Lucid’s stock climbed despite weaker earnings, while Nio’s widening losses and margin pressure keep investors cautious ahead of its November 19 earnings report.

Lucid (LCID) and Nio (NIO) are two of the best-known electric vehicle startups, but their financial results are starting to move in different directions as both deal with a softer EV market. Lucid’s latest results show modest progress but continued losses, while Nio’s larger scale has yet to translate into profitability.

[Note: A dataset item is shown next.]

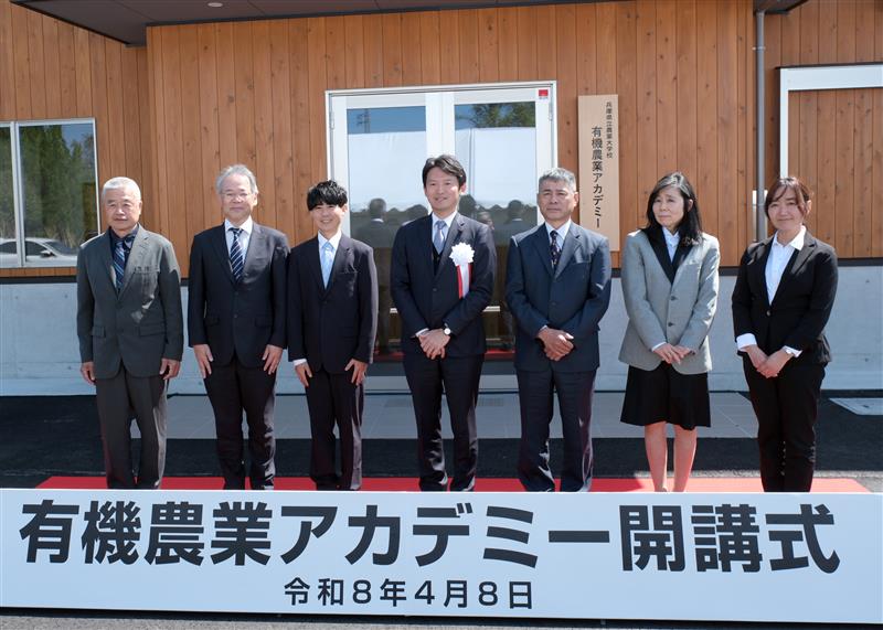有機農業の担い手を育成するため、県内の有機農業者等と連携し、実践を通して学ぶ課程を県立農業大学校に開設。齋藤知事は「本アカデミーでは栽培の計画・管理から収穫・販売に至るまで現場で学ぶことができる。将来の就農を見据え、学生の皆さんが大きく成長されることを期待する」と述べた。(4月8日、加西市)

Lucid reported a third-quarter adjusted loss of $2.65 per share on $336.6 million in revenue, missing Wall Street estimates. The company’s gross profit margin improved to -280%, compared with -385% a year earlier, as sales climbed 68% year over year to 4,078 vehicles. Despite the losses, shares rose 4% on Thursday to $17.96, with investors encouraged by smaller deficits and improving efficiency.
The company now expects to produce about 18,000 cars in 2025, down from its previous forecast of up to 20,000. Lucid ended the quarter with roughly $5.5 billion in liquidity, which analysts believe will sustain operations through 2027.
Nio’s most recent quarterly report showed a mixed picture. The Chinese EV maker posted ¥19 billion (around $2.65 billion) in second-quarter revenue, up 9% from a year ago, while delivering 72,056 vehicles, a 25% increase year over year. Profitability remains a challenge. Nio’s vehicle margin fell to 10.3%, and its net loss widened to ¥4.99 billion ($697 million).
The company continues to face heavy competition in China’s crowded EV market. After posting a ¥6.75 billion loss in the first quarter, pressure is mounting on management to show progress when Nio reports its next results on November 19.
Lucid’s growth rate outpaces Nio’s on a percentage basis, but its scale remains much smaller. Nio’s delivery numbers are far higher, yet both companies are still trying to convert brand strength into sustained profits.
Lucid’s focus on the U.S. premium market gives it an advantage with higher price points, but U.S. policy changes, such as the expiration of EV tax credits, could affect sales. Nio faces slimmer margins as price competition intensifies in China and new rivals enter the market.
For investors, Lucid shows faster growth potential but also carries greater risk. Nio offers scale and stability, but its path to profitability remains uncertain. Both stocks trade well below their peaks, and neither company has yet proven it can generate consistent cash flow.
If Nio surprises with narrower losses later this month, sentiment could shift. In the meantime, Lucid appears to have the momentum, though both face a long road to sustainable success.